- [THE INPUT]:
· · · ·

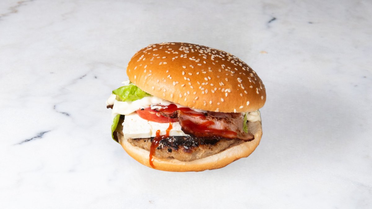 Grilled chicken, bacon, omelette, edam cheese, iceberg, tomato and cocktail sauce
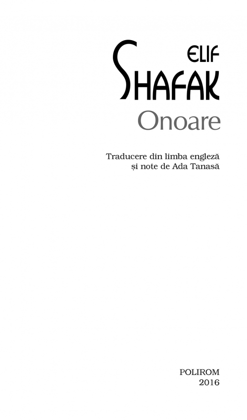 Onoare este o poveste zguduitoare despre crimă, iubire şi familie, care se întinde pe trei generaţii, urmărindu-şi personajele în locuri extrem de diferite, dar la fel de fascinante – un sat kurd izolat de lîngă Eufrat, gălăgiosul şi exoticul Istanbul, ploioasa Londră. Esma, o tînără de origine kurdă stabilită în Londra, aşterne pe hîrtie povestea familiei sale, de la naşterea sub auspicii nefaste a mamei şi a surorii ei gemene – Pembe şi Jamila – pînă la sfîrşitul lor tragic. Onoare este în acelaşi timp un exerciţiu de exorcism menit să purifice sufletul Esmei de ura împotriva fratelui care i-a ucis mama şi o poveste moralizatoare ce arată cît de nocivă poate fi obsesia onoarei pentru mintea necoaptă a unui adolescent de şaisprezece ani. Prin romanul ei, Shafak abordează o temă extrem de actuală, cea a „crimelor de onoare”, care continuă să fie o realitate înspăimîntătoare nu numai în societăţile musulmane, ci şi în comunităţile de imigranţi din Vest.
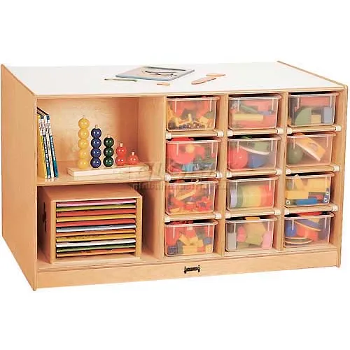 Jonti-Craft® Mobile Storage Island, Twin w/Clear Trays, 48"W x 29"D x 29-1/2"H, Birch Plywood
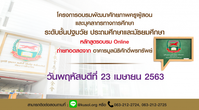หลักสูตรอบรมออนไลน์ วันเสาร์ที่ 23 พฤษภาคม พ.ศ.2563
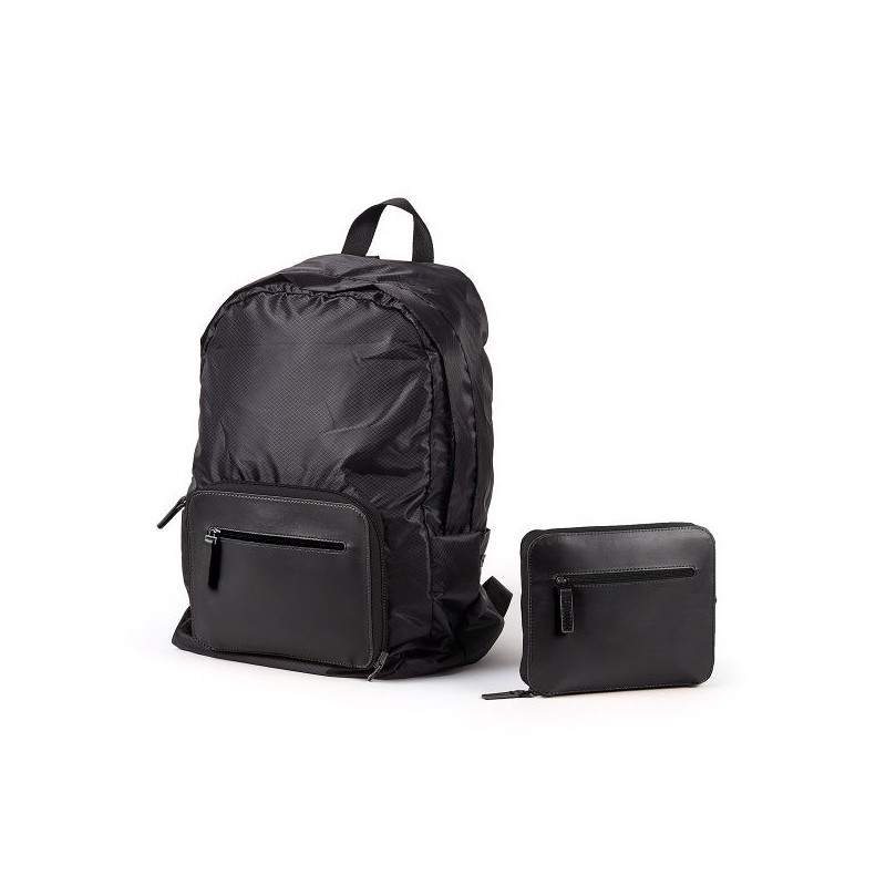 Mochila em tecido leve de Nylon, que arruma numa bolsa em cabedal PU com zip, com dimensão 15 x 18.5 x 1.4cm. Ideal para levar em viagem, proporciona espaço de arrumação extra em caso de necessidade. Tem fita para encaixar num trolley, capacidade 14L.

· · · ·

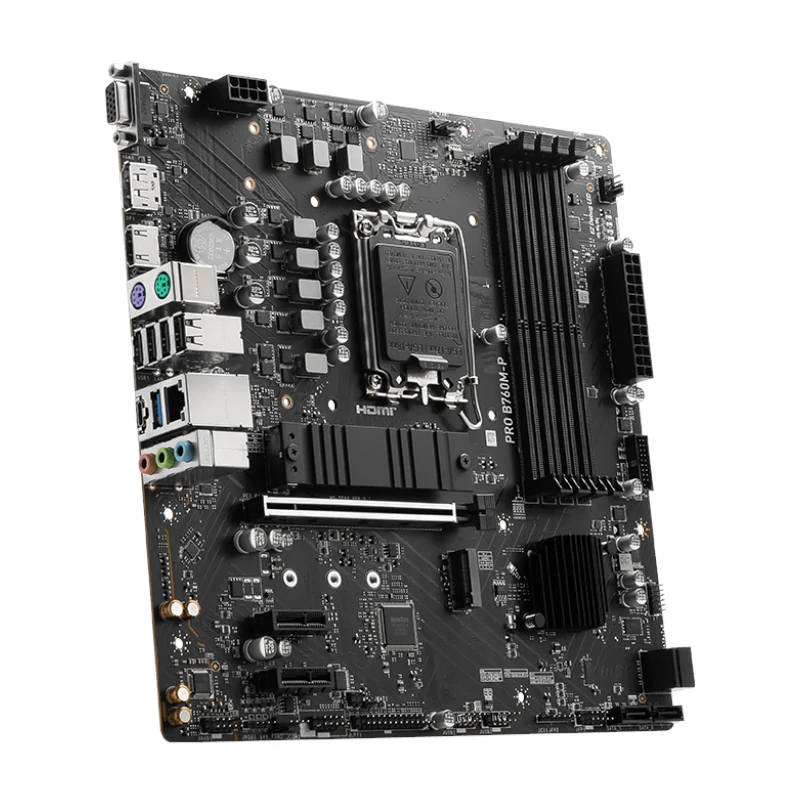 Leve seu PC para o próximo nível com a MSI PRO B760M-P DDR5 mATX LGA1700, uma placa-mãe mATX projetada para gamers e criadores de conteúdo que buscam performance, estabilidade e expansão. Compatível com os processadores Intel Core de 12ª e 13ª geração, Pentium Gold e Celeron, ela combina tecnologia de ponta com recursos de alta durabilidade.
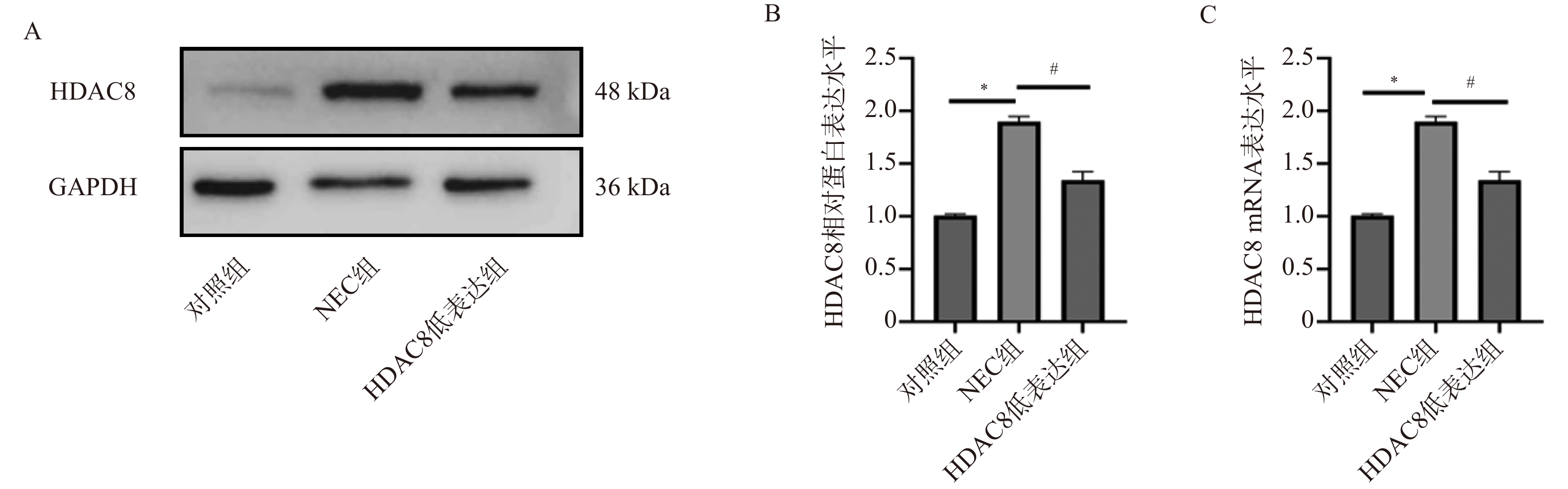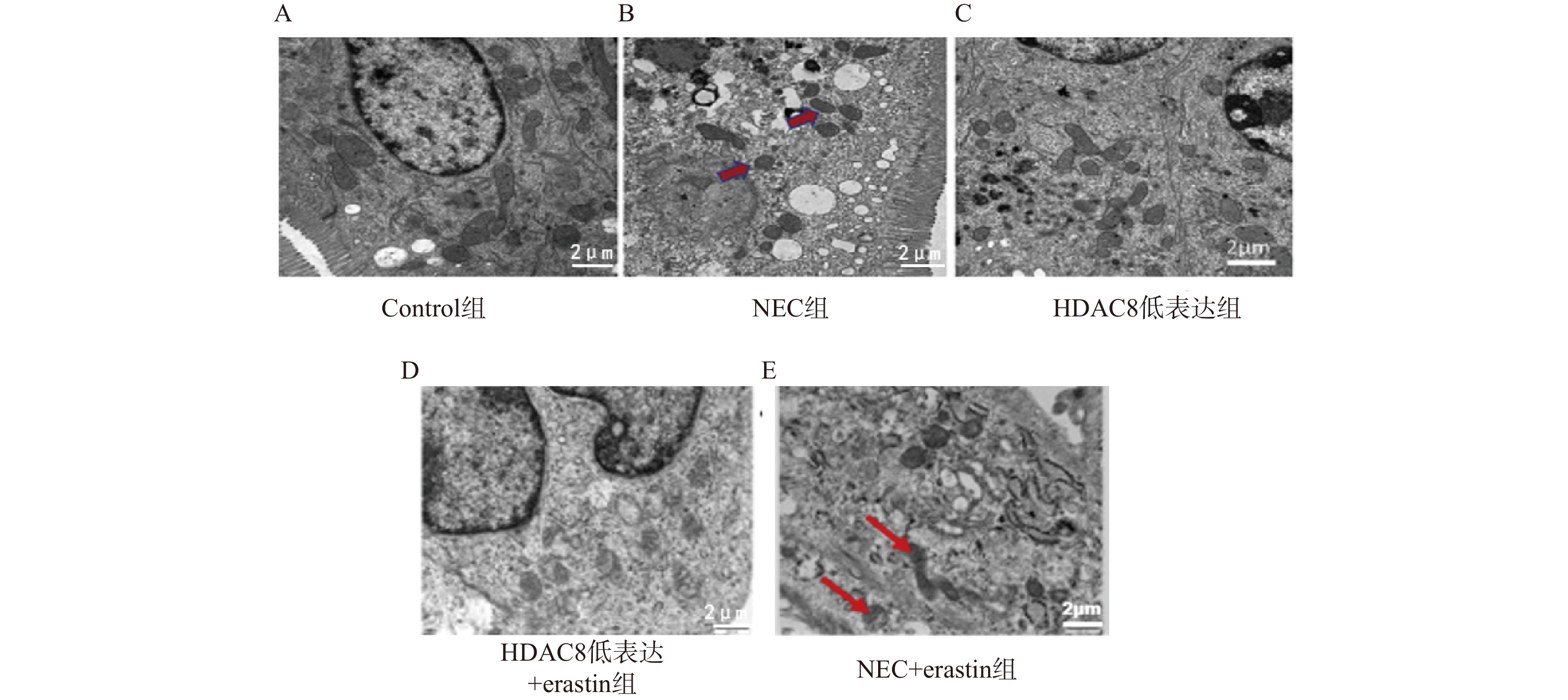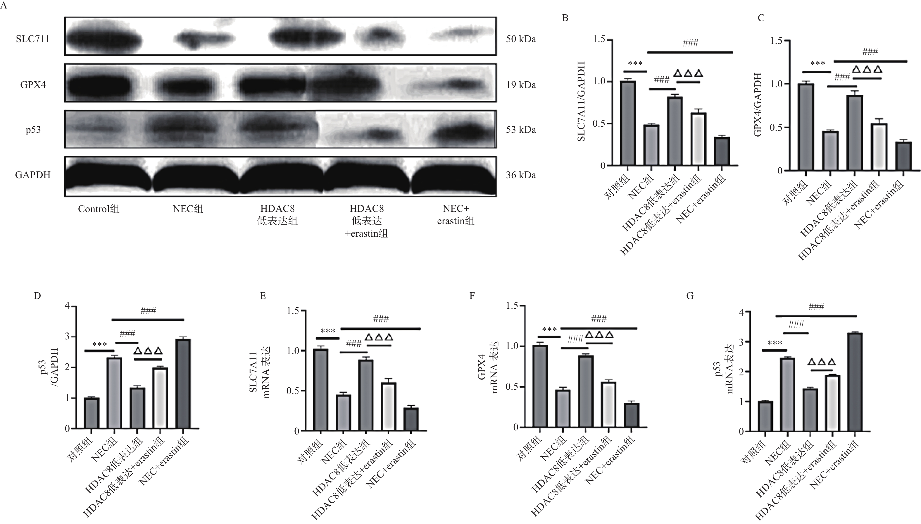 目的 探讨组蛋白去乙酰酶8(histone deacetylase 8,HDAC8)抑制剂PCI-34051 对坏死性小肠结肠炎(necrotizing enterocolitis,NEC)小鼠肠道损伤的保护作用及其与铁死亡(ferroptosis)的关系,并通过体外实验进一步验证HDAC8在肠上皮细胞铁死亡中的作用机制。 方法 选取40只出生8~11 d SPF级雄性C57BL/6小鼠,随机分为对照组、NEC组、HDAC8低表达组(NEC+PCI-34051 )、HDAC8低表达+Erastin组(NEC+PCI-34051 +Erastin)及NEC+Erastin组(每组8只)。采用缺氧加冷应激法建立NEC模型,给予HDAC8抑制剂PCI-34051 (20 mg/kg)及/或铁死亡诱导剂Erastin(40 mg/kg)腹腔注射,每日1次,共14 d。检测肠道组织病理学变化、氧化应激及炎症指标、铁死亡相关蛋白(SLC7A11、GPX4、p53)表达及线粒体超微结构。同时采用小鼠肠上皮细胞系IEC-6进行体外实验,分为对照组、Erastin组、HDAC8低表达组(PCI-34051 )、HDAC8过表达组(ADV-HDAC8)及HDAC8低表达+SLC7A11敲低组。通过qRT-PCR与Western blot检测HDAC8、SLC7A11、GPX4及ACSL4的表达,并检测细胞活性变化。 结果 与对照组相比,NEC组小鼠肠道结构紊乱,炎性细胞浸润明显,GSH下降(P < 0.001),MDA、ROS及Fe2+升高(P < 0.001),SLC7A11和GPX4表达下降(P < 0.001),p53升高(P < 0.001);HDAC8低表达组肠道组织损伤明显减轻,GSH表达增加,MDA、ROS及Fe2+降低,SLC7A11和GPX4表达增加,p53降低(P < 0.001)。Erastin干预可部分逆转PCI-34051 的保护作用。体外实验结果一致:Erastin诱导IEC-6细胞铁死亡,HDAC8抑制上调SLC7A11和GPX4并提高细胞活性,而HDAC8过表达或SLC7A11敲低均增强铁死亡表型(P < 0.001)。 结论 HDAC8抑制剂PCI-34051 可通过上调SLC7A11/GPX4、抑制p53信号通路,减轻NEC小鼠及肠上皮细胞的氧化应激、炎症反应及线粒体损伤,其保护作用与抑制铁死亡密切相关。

· · · ·

- [INSTRUCTIONS TO FOLLOW]: No picture is to be printed. Output exactly the lines above from the line containing "Leve seu PC" through the line containing "目的 探讨组蛋白去乙酰酶8(histone deacetylase".

- [TASK RESULT]:
 Leve seu PC para o próximo nível com a MSI PRO B760M-P DDR5 mATX LGA1700, uma placa-mãe mATX projetada para gamers e criadores de conteúdo que buscam performance, estabilidade e expansão. Compatível com os processadores Intel Core de 12ª e 13ª geração, Pentium Gold e Celeron, ela combina tecnologia de ponta com recursos de alta durabilidade.
 目的 探讨组蛋白去乙酰酶8(histone deacetylase 8,HDAC8)抑制剂PCI-34051 对坏死性小肠结肠炎(necrotizing enterocolitis,NEC)小鼠肠道损伤的保护作用及其与铁死亡(ferroptosis)的关系,并通过体外实验进一步验证HDAC8在肠上皮细胞铁死亡中的作用机制。 方法 选取40只出生8~11 d SPF级雄性C57BL/6小鼠,随机分为对照组、NEC组、HDAC8低表达组(NEC+PCI-34051 )、HDAC8低表达+Erastin组(NEC+PCI-34051 +Erastin)及NEC+Erastin组(每组8只)。采用缺氧加冷应激法建立NEC模型,给予HDAC8抑制剂PCI-34051 (20 mg/kg)及/或铁死亡诱导剂Erastin(40 mg/kg)腹腔注射,每日1次,共14 d。检测肠道组织病理学变化、氧化应激及炎症指标、铁死亡相关蛋白(SLC7A11、GPX4、p53)表达及线粒体超微结构。同时采用小鼠肠上皮细胞系IEC-6进行体外实验,分为对照组、Erastin组、HDAC8低表达组(PCI-34051 )、HDAC8过表达组(ADV-HDAC8)及HDAC8低表达+SLC7A11敲低组。通过qRT-PCR与Western blot检测HDAC8、SLC7A11、GPX4及ACSL4的表达,并检测细胞活性变化。 结果 与对照组相比,NEC组小鼠肠道结构紊乱,炎性细胞浸润明显,GSH下降(P < 0.001),MDA、ROS及Fe2+升高(P < 0.001),SLC7A11和GPX4表达下降(P < 0.001),p53升高(P < 0.001);HDAC8低表达组肠道组织损伤明显减轻,GSH表达增加,MDA、ROS及Fe2+降低,SLC7A11和GPX4表达增加,p53降低(P < 0.001)。Erastin干预可部分逆转PCI-34051 的保护作用。体外实验结果一致:Erastin诱导IEC-6细胞铁死亡,HDAC8抑制上调SLC7A11和GPX4并提高细胞活性,而HDAC8过表达或SLC7A11敲低均增强铁死亡表型(P < 0.001)。 结论 HDAC8抑制剂PCI-34051 可通过上调SLC7A11/GPX4、抑制p53信号通路,减轻NEC小鼠及肠上皮细胞的氧化应激、炎症反应及线粒体损伤,其保护作用与抑制铁死亡密切相关。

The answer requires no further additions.